That division is having a very real impact on law enforcement officers.

It is, by any measure, a most demanding job one that may put people in difficult, stressful situations time after time.

“You can go from one tragedy to the next,” says veteran officer turned counselor Ryan Simpson. “It could be a car accident to a suicide. You decompress from that and the next thing you know, you’re headed back to work.”

Any one of these incidents would lead lasting, troubling memories, if not scars, on any of us. A career in law enforcement is studded with them.

“The average person who experiences a critical incident or traumatic event in their life, about two or three in their whole lifetime,” says Washoe County Sheriff’s Sgt. Andi O’Brien. “Somebody in law enforcement could experience up to in surplus of 180 critical incidents in their career.”
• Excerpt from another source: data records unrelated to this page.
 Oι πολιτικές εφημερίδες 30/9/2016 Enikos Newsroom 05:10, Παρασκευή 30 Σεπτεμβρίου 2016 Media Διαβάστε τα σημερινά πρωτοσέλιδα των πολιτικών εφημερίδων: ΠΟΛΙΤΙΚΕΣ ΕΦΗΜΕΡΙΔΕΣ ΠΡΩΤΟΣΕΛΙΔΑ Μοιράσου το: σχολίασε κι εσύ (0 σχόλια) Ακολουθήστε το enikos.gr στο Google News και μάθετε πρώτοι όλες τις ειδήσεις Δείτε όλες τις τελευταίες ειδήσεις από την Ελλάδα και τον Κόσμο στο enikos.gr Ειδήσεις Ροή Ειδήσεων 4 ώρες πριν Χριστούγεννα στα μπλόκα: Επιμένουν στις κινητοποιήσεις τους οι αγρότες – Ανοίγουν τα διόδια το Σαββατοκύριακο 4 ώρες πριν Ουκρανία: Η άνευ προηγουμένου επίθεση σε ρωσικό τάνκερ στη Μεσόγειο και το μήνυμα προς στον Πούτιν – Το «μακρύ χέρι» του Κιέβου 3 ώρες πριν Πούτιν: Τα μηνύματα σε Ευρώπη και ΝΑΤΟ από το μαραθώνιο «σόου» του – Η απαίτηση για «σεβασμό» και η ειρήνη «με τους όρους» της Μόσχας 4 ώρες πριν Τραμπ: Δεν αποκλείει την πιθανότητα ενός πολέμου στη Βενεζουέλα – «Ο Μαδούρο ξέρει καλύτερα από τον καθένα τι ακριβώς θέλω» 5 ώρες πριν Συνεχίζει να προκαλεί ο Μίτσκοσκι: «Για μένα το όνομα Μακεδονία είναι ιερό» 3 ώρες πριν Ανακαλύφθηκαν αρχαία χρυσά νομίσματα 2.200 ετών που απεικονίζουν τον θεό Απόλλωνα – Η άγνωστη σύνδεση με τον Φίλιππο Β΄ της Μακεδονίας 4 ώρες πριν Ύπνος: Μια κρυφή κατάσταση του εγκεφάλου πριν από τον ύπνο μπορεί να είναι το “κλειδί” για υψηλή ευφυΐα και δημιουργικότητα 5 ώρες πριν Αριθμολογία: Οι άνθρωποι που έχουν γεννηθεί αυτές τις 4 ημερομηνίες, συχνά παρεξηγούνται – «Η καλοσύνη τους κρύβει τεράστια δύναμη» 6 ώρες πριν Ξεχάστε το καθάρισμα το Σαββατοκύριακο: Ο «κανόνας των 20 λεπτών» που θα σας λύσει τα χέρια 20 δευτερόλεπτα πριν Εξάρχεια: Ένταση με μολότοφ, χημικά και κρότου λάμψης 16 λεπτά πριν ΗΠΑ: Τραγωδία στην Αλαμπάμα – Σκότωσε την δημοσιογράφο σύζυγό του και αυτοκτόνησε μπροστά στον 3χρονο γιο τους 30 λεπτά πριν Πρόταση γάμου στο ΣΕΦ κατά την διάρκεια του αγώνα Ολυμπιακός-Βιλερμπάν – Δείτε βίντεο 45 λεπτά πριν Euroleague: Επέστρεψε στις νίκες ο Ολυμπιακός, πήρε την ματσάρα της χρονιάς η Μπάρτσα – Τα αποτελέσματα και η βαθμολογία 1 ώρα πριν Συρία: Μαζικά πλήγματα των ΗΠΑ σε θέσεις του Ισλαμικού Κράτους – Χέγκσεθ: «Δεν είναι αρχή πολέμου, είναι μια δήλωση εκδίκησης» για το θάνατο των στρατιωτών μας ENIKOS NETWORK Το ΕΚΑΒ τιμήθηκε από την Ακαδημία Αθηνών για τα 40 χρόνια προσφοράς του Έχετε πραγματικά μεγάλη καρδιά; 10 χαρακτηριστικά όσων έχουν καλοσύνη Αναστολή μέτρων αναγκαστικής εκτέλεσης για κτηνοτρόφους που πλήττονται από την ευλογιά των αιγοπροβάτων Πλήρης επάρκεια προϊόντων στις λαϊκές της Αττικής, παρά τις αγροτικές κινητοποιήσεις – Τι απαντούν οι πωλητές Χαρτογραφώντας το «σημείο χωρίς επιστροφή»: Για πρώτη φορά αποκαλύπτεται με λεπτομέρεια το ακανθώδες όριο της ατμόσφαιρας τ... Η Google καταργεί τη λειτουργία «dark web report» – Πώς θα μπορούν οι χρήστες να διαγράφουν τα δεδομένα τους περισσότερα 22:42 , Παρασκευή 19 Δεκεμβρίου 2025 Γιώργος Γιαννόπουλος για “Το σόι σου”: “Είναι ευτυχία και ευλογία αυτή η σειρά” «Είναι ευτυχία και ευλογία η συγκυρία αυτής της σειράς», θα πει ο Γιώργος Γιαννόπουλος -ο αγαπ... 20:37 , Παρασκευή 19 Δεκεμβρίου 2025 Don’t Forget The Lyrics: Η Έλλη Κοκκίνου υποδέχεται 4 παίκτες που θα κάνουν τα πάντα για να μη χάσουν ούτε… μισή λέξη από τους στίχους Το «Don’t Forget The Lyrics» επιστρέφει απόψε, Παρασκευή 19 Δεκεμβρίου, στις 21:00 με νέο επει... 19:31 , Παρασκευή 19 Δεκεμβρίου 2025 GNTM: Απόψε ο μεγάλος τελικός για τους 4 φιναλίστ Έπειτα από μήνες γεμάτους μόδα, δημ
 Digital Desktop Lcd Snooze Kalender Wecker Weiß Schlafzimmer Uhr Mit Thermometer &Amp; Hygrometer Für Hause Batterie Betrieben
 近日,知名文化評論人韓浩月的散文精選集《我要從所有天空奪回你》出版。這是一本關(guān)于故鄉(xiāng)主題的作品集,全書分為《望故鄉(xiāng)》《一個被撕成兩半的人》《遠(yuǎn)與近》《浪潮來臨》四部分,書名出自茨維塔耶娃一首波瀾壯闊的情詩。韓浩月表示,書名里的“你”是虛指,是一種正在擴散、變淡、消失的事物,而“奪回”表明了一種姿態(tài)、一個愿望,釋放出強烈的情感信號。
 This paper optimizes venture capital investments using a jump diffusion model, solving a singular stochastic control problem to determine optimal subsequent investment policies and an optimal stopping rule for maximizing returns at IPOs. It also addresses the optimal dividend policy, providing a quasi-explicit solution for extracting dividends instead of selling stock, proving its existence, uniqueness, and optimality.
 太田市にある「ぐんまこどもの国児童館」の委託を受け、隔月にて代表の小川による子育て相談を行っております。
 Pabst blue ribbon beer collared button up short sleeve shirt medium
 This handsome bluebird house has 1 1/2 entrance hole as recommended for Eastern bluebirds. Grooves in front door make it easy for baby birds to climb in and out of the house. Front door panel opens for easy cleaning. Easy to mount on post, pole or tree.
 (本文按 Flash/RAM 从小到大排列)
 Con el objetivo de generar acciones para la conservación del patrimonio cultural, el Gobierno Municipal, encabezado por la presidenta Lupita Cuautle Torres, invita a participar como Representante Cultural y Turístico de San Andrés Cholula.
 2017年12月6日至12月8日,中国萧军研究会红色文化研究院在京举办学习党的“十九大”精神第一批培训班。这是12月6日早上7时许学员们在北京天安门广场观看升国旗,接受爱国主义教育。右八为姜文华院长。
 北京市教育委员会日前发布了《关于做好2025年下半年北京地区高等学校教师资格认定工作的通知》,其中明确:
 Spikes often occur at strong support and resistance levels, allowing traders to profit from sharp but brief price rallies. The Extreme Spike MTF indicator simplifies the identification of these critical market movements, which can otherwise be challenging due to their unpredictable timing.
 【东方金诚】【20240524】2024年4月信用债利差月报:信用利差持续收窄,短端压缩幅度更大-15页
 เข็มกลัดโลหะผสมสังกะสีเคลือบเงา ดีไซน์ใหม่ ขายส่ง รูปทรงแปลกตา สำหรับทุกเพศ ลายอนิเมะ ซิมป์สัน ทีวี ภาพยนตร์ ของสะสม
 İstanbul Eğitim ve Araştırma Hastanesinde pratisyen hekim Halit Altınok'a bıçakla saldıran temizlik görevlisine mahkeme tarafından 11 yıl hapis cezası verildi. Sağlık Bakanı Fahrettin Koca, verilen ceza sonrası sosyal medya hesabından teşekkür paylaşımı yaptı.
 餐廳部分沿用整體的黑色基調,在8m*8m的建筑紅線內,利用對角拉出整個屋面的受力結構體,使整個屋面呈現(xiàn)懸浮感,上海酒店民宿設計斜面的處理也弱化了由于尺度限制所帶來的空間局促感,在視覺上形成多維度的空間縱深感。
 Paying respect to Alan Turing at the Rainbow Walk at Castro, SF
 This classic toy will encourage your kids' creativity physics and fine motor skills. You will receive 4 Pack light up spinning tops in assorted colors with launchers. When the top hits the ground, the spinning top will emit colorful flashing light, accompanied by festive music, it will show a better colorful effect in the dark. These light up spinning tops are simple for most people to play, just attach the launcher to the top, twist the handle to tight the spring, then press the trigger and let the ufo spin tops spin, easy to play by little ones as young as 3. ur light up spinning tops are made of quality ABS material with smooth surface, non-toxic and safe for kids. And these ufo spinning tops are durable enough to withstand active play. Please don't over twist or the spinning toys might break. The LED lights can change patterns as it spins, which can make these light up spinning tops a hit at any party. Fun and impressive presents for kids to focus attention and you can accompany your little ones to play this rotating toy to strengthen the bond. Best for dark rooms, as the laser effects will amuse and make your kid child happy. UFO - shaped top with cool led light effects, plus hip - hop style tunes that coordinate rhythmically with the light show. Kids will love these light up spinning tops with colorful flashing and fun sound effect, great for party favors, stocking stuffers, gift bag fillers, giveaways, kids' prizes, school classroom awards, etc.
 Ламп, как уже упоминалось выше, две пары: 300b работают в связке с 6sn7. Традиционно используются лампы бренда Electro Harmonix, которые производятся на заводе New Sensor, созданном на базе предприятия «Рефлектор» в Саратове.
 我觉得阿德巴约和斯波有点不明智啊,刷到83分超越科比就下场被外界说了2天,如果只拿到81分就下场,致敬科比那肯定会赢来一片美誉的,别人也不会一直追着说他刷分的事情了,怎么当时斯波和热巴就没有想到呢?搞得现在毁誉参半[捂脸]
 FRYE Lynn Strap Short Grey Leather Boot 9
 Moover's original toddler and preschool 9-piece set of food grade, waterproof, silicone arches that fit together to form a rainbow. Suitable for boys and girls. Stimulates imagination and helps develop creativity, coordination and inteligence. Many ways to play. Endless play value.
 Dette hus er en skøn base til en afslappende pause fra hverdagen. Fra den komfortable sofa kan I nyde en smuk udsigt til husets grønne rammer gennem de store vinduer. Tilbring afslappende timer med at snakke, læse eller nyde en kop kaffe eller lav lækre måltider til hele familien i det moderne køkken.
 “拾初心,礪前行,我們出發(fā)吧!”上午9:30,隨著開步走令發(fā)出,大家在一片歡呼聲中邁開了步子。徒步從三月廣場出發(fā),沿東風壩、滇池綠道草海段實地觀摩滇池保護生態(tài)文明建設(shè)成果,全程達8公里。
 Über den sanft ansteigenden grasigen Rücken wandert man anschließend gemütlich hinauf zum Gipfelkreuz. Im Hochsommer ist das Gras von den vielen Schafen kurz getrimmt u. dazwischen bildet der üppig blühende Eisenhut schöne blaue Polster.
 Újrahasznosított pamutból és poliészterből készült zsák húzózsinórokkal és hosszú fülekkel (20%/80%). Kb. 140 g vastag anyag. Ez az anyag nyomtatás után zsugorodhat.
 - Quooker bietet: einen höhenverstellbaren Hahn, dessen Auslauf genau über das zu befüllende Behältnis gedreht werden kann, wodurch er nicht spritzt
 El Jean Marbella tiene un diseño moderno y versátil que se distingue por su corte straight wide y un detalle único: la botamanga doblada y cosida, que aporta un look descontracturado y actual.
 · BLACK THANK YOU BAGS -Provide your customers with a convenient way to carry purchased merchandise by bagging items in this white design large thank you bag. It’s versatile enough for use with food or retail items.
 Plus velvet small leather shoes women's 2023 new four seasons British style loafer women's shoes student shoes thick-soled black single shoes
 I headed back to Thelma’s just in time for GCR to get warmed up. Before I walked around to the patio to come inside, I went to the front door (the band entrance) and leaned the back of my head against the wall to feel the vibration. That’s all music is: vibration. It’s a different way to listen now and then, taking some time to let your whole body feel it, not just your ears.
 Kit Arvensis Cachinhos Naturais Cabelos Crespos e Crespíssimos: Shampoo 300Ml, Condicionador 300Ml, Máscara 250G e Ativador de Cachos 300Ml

Sgt. O’Brien’s daily assignment is patrol, but certain incidents immediately place her in another role. “Baby deaths, severe child abuse, domestic violence, homicides.”

As a leader of the department’s Peer Support Team, she appears at the scene as an empathetic ear for a fellow officer who may have seen more than he or she can shrug off.

Ryan Simpson is a veteran officer who left the service with post traumatic stress after being involved in a pair of fatal shootings. Finding help, he also found a new calling, helping others recover. He’s the Sheriff’s new staff mental health counselor, a position created earlier this year in the wake of a pair of officer suicides.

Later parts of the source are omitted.